Istilah
pragmatisme berasal dari kata Yunani “pragma” yang berarti
perbuatan atau tindakan. “isme” di sini sama artinya dengan
isme-isme yang lainnya yaitu aliran, ajaran atau paham. Dengan
demikian pragmatisme adalah ajaran yang menekankan bahwa pemikiran
itu menuruti tindakan. Kreteria kebenarannya adalah “faedah” atau
“manfaat”. Suatu teori atau hipotesis dianggap oleh pragmatisme
benar apabila membawa suatu hasil. Dengan kata lain, suatu teori
adalah benar if it works ( apabila teori dapat diaplikasikan).
Pragmatisme adalah aliran pemikiran yang memandang bahwa benar tidaknya suatu ucapan, dalil, atau teori, semata-mata bergantung kepada berfaedah atau tidaknya ucapan, dalil, atau teori tersebut bagi manusia. Ide ini merupakan budaya dan tradisi berpikir Amerika khususnya dan Barat pada umumnya, yang lahir sebagai sebuah upaya intelektual untuk menjawab problem-problem yang terjadi pada awal abad ini. Pragmatisme mulai dirintis di Amerika oleh Charles S. Peirce (1839-1942), yang kemudian dikembangkan oleh William James (1842-1910) dan John Dewey (1859-1952).

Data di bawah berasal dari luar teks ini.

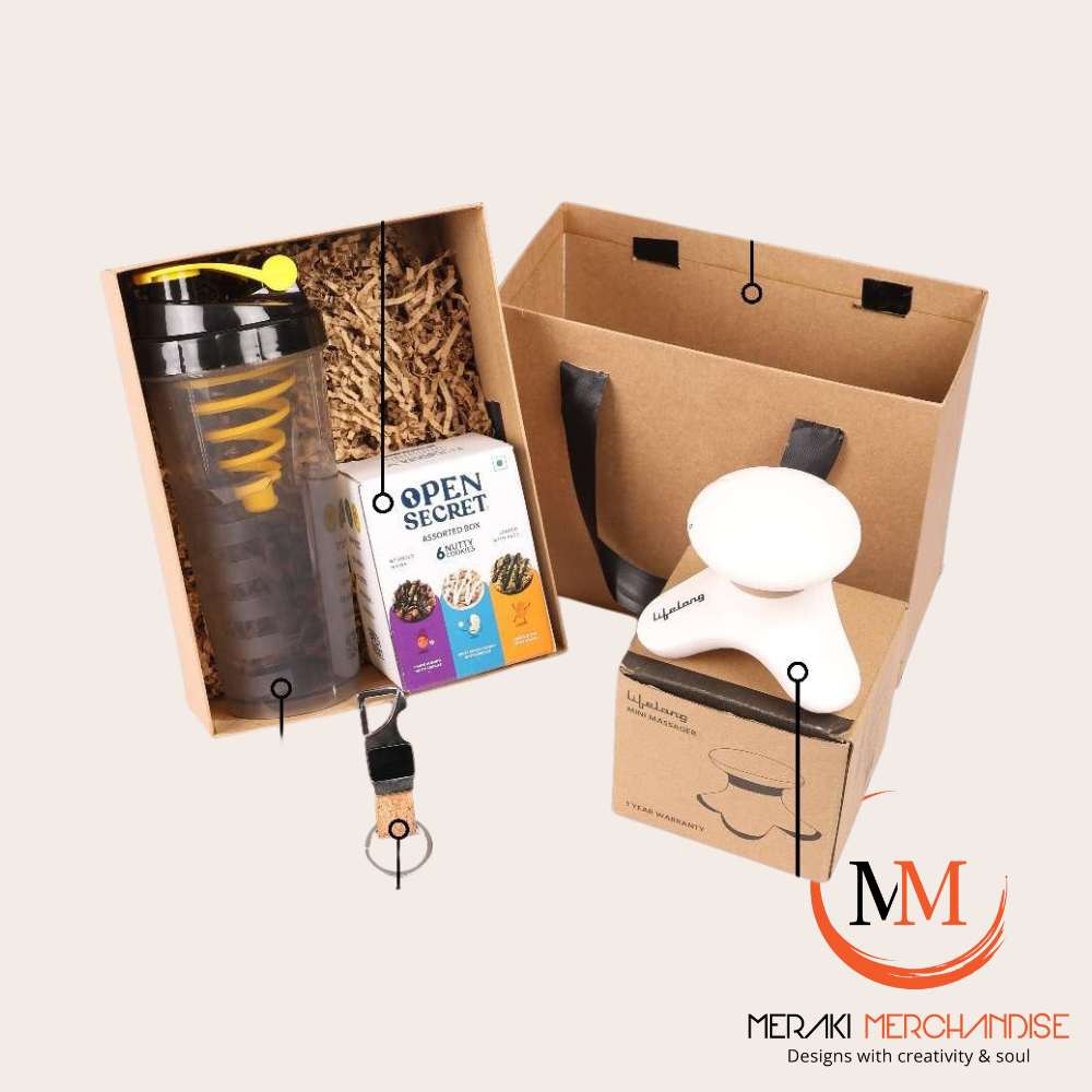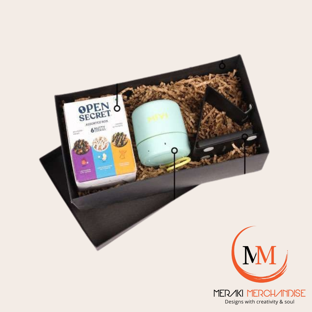 Enhance productivity from day one with the Meraki Modern Workspace New Joining Kit, a premium corporate gift set featuring an adjustable laptop stand, insulated water bottle, and luxury gift box. Perfect for employee onboarding, corporate gifting, and events, with complete customization options available.

Tentu saja, Pragmatisme tak dapat dilepaskan dari keberadaan dan perkembangan ide-ide sebelumnya di Eropa, sebagaimana tak bisa diingkari pula adanya pengaruh dan imbas baliknya terhadap ide-ide yang dikembangkan lebih lanjut di Eropa. William James mengatakan bahwa Pragmatisme yang diajarkannya, merupakan “nama baru bagi sejumlah cara berpikir lama”. Dan dia sendiri pun menganggap pemikirannya sebagai kelanjutan dari Empirisme Inggris, seperti yang dirintis oleh Francis Bacon (1561-1626), yang kemudian dikembangkan oleh Thomas Hobbes (1558-1679) dan John Locke (1632-1704). Pragmatisme telah mempengaruhi filsafat Eropa dalam berbagai bentuknya, baik filsafat Eksistensialisme maupun Neorealisme dan Neopositivisme.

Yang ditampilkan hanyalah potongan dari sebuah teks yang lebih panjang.